Christmas has always been my favorite time of year. And no — not just so I can get lots of presents. It’s about spending time with family and friends, long gorgeous meals, laughing, and just being together. Those are the moments that matter.
That said, there’s probably no other time of year when we feel the strain on our finances quite as clearly.
There are the gifts, of course. But also the rising cost of food to prepare the feasts, the travel expenses, and the quiet pressure to spend a little more than we planned. Most of us feel it, even if we don’t talk openly about it. I know I certainly do.
Now Christmas has come and gone for another year. But while much of the world is still in holiday mode — taking a breather, enjoying time off, and playing with their new toys — something else continues quietly in the background.
Gold and silver, the monetary metals that have served societies for thousands of years, are rising again – reminding us all what real money is.
A few people will be celebrating this as good news. And if you were nice enough for the Fatman and found a little of that shiny metal under the tree, you’ll probably be feeling especially cheerful as well.
But that misses the deeper point.
It’s not simply that gold and silver are “going up.” It’s that the value of our currency — the credit represented by the cash in our wallets and our bank accounts — is going down. What’s really changing isn’t the metal, but the measuring stick we’ve been using to value them.
The purchasing power of our currency is quietly diminishing. And this isn’t unique to one country — it’s a feature of all modern fiat currencies. As Voltaire once observed, paper money eventually returns to its intrinsic value of zero. This influential thinker noted that when governments print excess money to cover debts, trust erodes and the paper becomes worth less and less.
I often try to explain this to one of my older brothers. He’s hard work — God bless him — but I still love him. It’s not that life is suddenly more luxurious or that we’re consuming more than we used to. It’s that we need more paper, more plastic, and more digits on a screen just to buy the same things year after year.
Most of us remember it clearly. When a few coins could buy you an ice cream at the corner store. When the cost of a full shopping trolley felt manageable. When grabbing takeaway didn’t make your jaw drop.

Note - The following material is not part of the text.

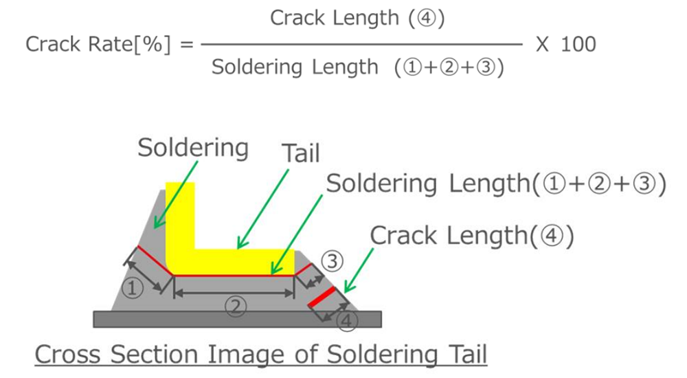 許容フローティングレンジ内での位置ズレ状態を想定し、最大フローティング時の意図的なストレスを負荷、半田クラック発生状況を検証しております。また、断面観察、試験中の抵抗変動観察を行い、半田付け部の状況を確認しております。

When saving felt possible.
And if Christmas felt expensive this year, it’s almost certain it will feel even more expensive next year.
Once you start looking at money this way, that gold and silver function as real money and preserve purchasing power over time — and begin to understand how our currency really works — it’s hard to unsee it. You realise it’s about far more than prices simply “going up.”
This is the quiet story of money, and why it matters — especially at Christmas.